Task to carry out - Nothing but the lines from the one showing "- Large Number" through the final line of the data below belongs in the answer, duplicated exactly and without pictures.

Data -
::::::::::

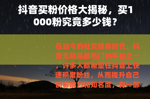 在当今的社交媒体时代,抖音无疑是最热门的平台之一,许多人都希望在抖音上快速积累粉丝,从而提升自己的影响力和知名度,有一部分人会考虑通过购买粉丝的方式来实现粉丝量的快速增长,抖音买1000粉多少钱呢?
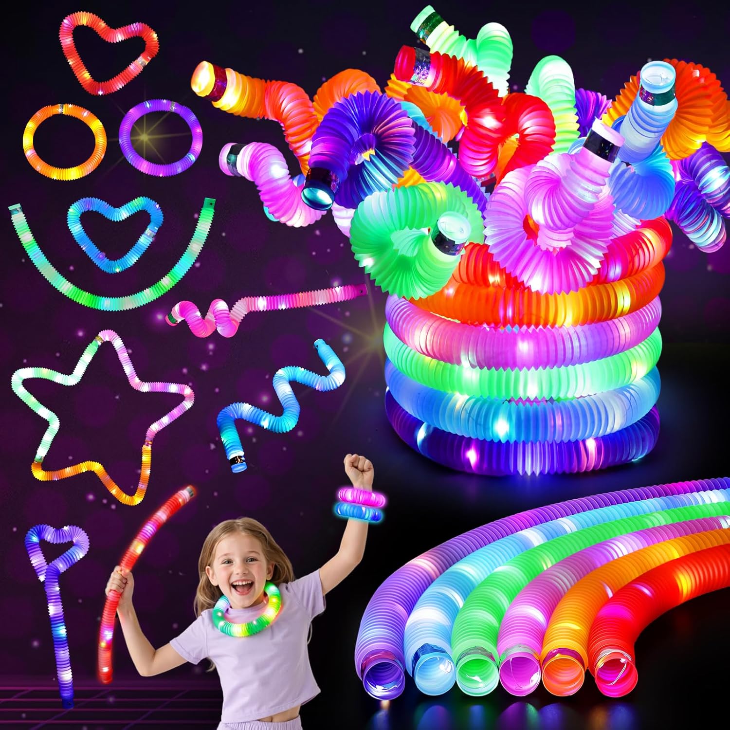 - Large Number of Glow Sticks - Retractable Design: Perfect for kids' events, festivals, and parties, this set includes 24 glow sticks in 6 vibrant colors. Each pop tube features 14 bright LED bulbs with 3 lighting modes: fast flash, slow flash, and steady light, creating a captivating glow. When stretched, each tube extends to 25 inches, while its size is 7.5 x 1.2 inches before stretching
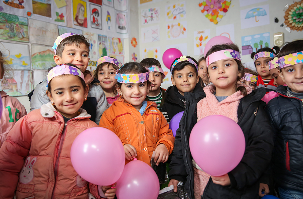 Children wear their hand-crafted headbands at a community-based childcare centre in Salamieh. Supported by AKF, centres like this one lead interactive sessions which champion children’s emotional wellbeing, playful and inclusive learning, and positive parental and community engagement.
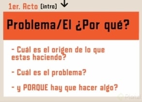 - Primer acto: problema. Presenta el porqué de todo. En cine: alguien se pierde y hay que rescatarlo (ej.: Buscando a Nemo, Rescatando al soldado Ryan). En negocios: el problema es la razón de ser del producto.

::::::::::

Answer to this problem -
 - Large Number of Glow Sticks - Retractable Design: Perfect for kids' events, festivals, and parties, this set includes 24 glow sticks in 6 vibrant colors. Each pop tube features 14 bright LED bulbs with 3 lighting modes: fast flash, slow flash, and steady light, creating a captivating glow. When stretched, each tube extends to 25 inches, while its size is 7.5 x 1.2 inches before stretching
 Children wear their hand-crafted headbands at a community-based childcare centre in Salamieh. Supported by AKF, centres like this one lead interactive sessions which champion children’s emotional wellbeing, playful and inclusive learning, and positive parental and community engagement.
 - Primer acto: problema. Presenta el porqué de todo. En cine: alguien se pierde y hay que rescatarlo (ej.: Buscando a Nemo, Rescatando al soldado Ryan). En negocios: el problema es la razón de ser del producto.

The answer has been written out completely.